**TASK ITEM**
All the lines below should appear again unchanged, though their pictures should not.

**SUPPLIED INFORMATION**
↓

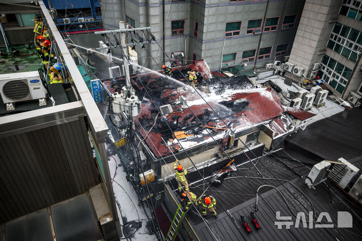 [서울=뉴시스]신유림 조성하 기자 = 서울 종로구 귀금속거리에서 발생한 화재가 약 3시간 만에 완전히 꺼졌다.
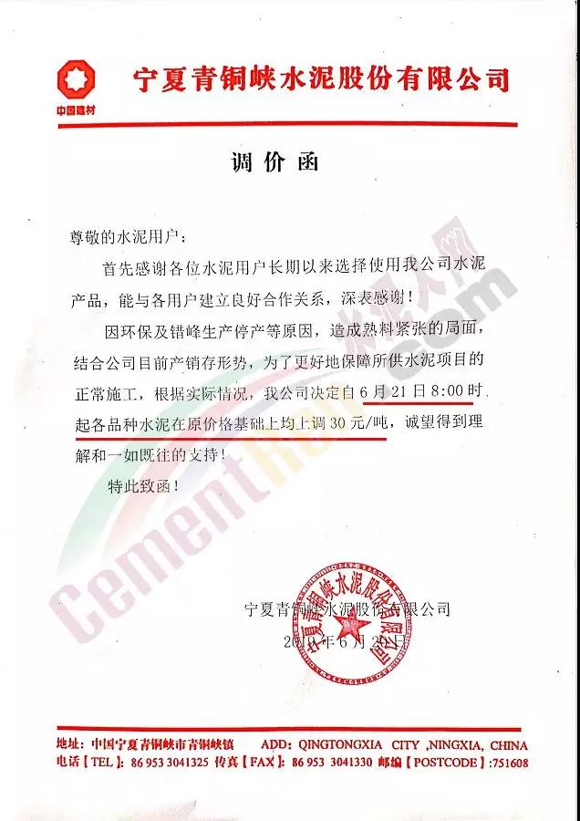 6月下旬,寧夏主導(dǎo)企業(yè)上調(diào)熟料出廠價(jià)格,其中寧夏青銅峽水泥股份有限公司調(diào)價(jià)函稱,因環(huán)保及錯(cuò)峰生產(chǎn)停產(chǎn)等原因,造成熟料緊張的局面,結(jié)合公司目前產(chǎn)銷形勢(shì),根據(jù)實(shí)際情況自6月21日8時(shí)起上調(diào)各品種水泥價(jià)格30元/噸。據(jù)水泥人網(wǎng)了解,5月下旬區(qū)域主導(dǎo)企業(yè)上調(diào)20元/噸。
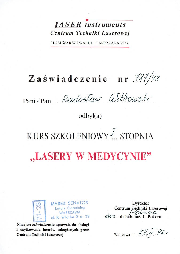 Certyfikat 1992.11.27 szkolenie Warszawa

↑

**ANSWER TO THIS PROBLEM**
 [서울=뉴시스]신유림 조성하 기자 = 서울 종로구 귀금속거리에서 발생한 화재가 약 3시간 만에 완전히 꺼졌다.
 6月下旬,寧夏主導(dǎo)企業(yè)上調(diào)熟料出廠價(jià)格,其中寧夏青銅峽水泥股份有限公司調(diào)價(jià)函稱,因環(huán)保及錯(cuò)峰生產(chǎn)停產(chǎn)等原因,造成熟料緊張的局面,結(jié)合公司目前產(chǎn)銷形勢(shì),根據(jù)實(shí)際情況自6月21日8時(shí)起上調(diào)各品種水泥價(jià)格30元/噸。據(jù)水泥人網(wǎng)了解,5月下旬區(qū)域主導(dǎo)企業(yè)上調(diào)20元/噸。
 Certyfikat 1992.11.27 szkolenie Warszawa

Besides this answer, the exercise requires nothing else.